The judge also agreed to allow other potentially inculpatory evidence into the trial, including selfie videos defendant Ethan Nordean recorded in which he described joining the “storming” of the Capitol and compared to events of the day to 1776. Jurors will also get to hear about a document titled “1776 Returns” Tarrio allegedly received from a female acquaintance. The document included a five-point plan to occupy federal buildings until demands for new elections were met. The Proud Boys’ attorneys have denied any of them read the document, although Kelly said there was evidence Tarrio began to use language included in the plan, specifically the phrase “winter palace,” after receiving it.
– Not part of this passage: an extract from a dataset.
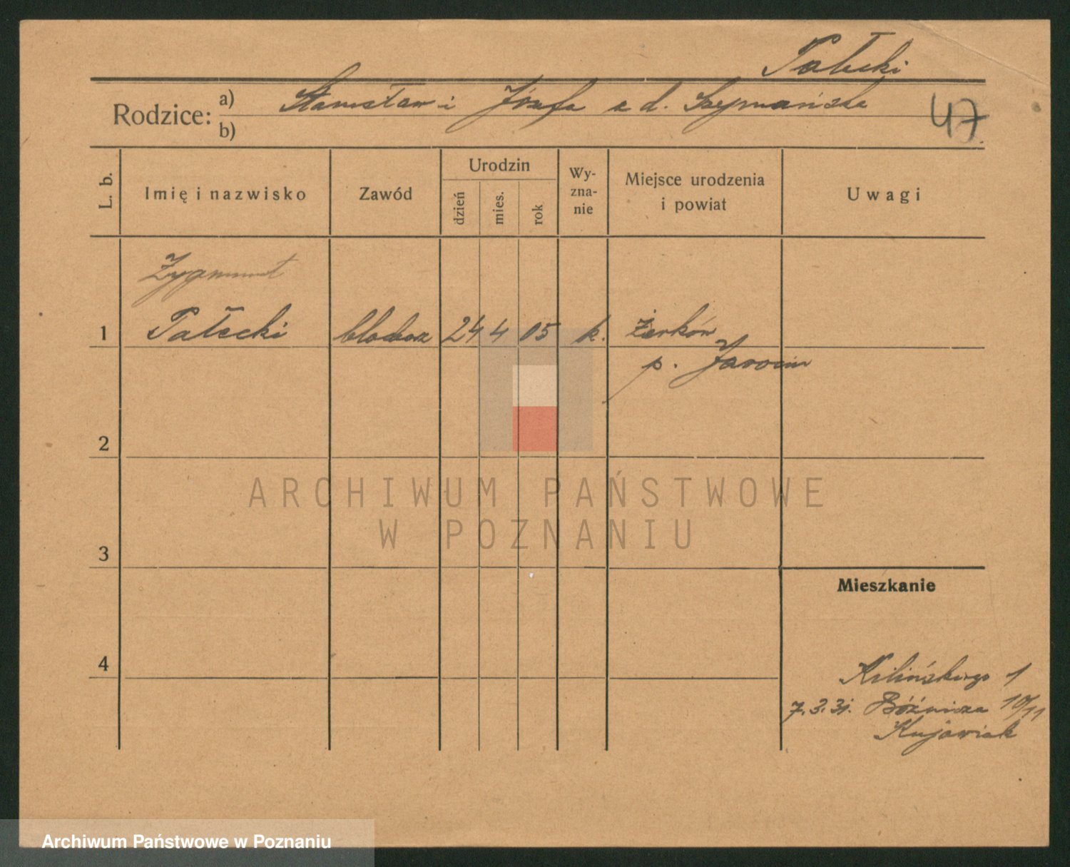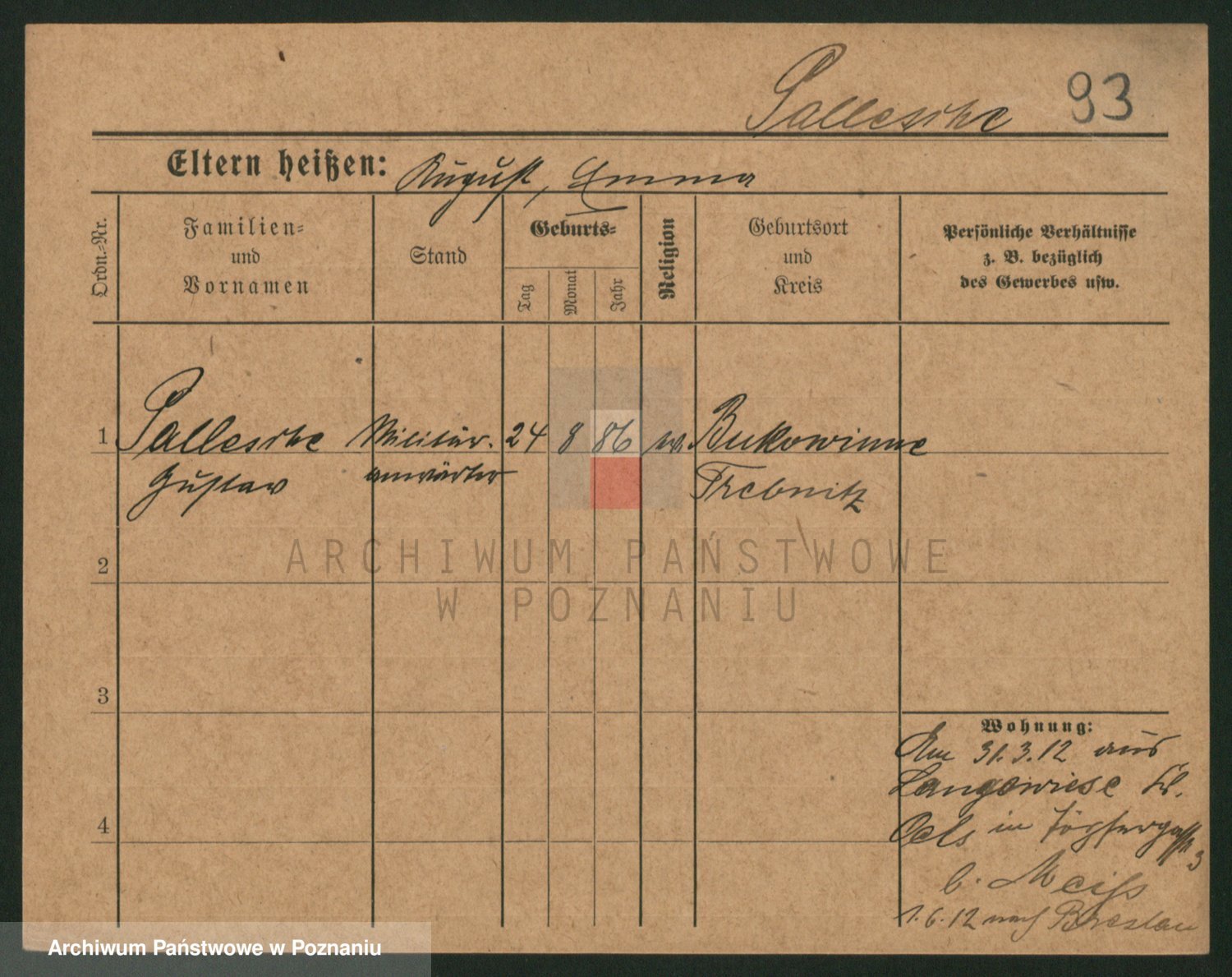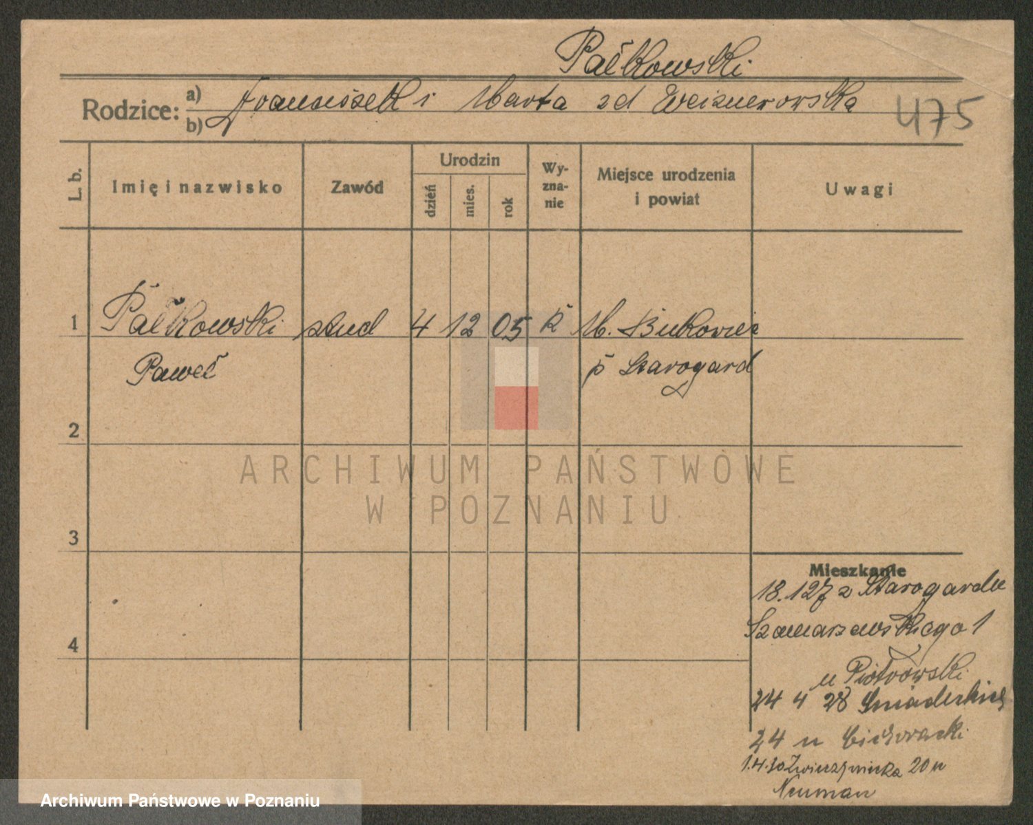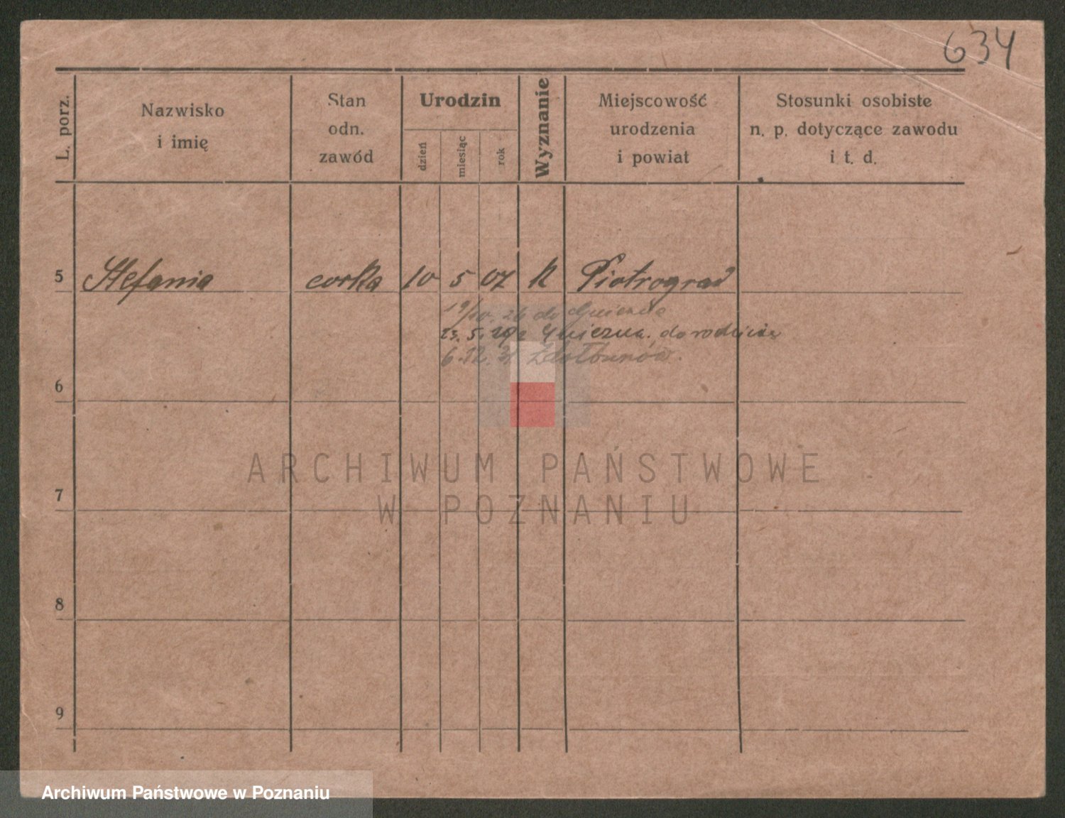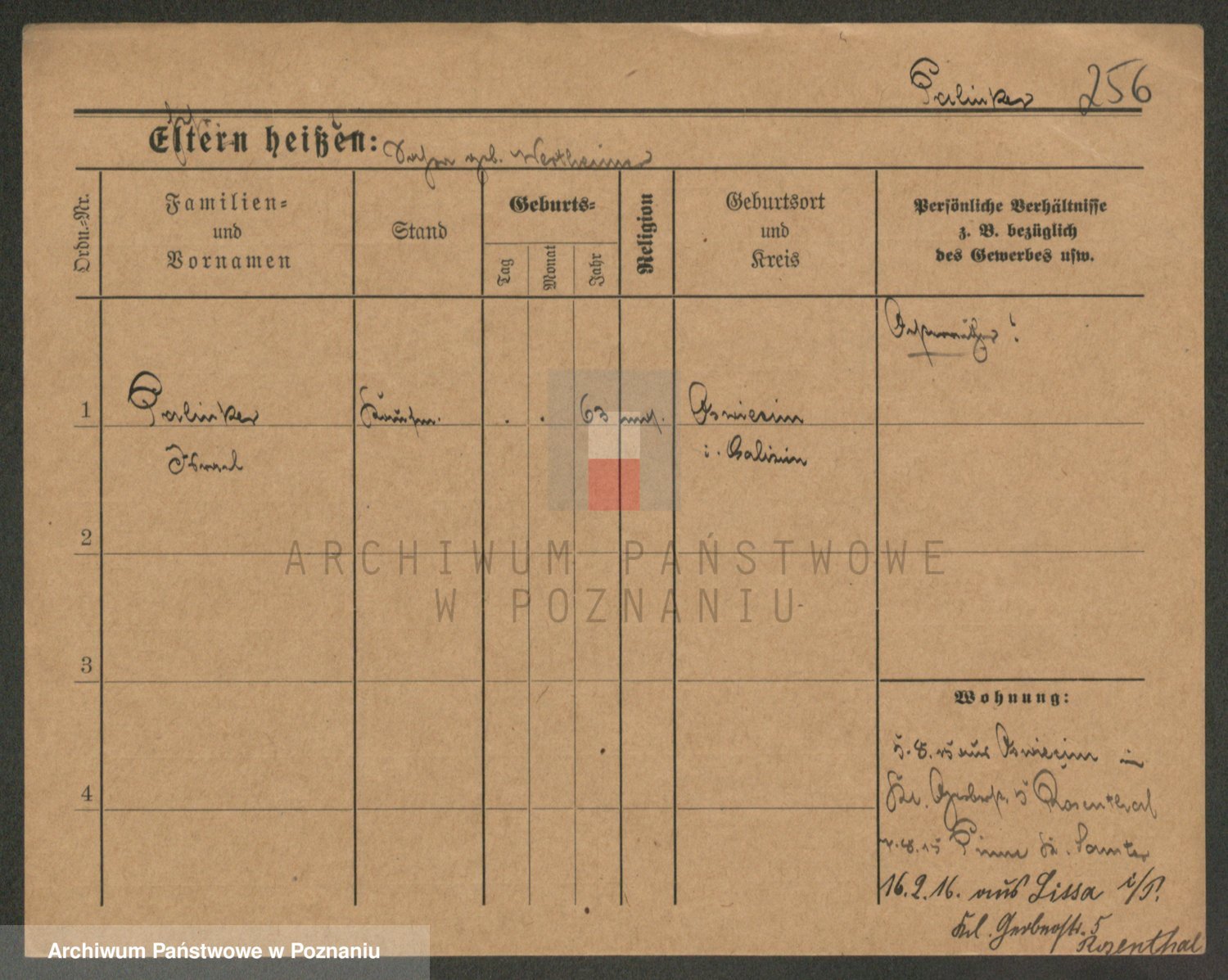 Podgląd karty osobowej dostępny jest po kliknięciu na nazwisko lub ikonkę karty. Można dokonywać powiększenia (ikony na górze) lub przechodzić między kolejnymi skanami (strzałki po bokach).

Jury selection for Tarrio and his four co-defendants is set to begin Dec. 19, although defense attorneys raised concerns Wednesday about how the planned release of a report by the January 6th Committee could impact that process. One attorney said he had reason to believe the committee would also be releasing an accompanying video that would include detailed footage of the Proud Boys. Kelly, who previously vacated the group’s August trial date over concerns about the committee affecting jurors, said there was little they could do other than question potential jurors about it during voir dire.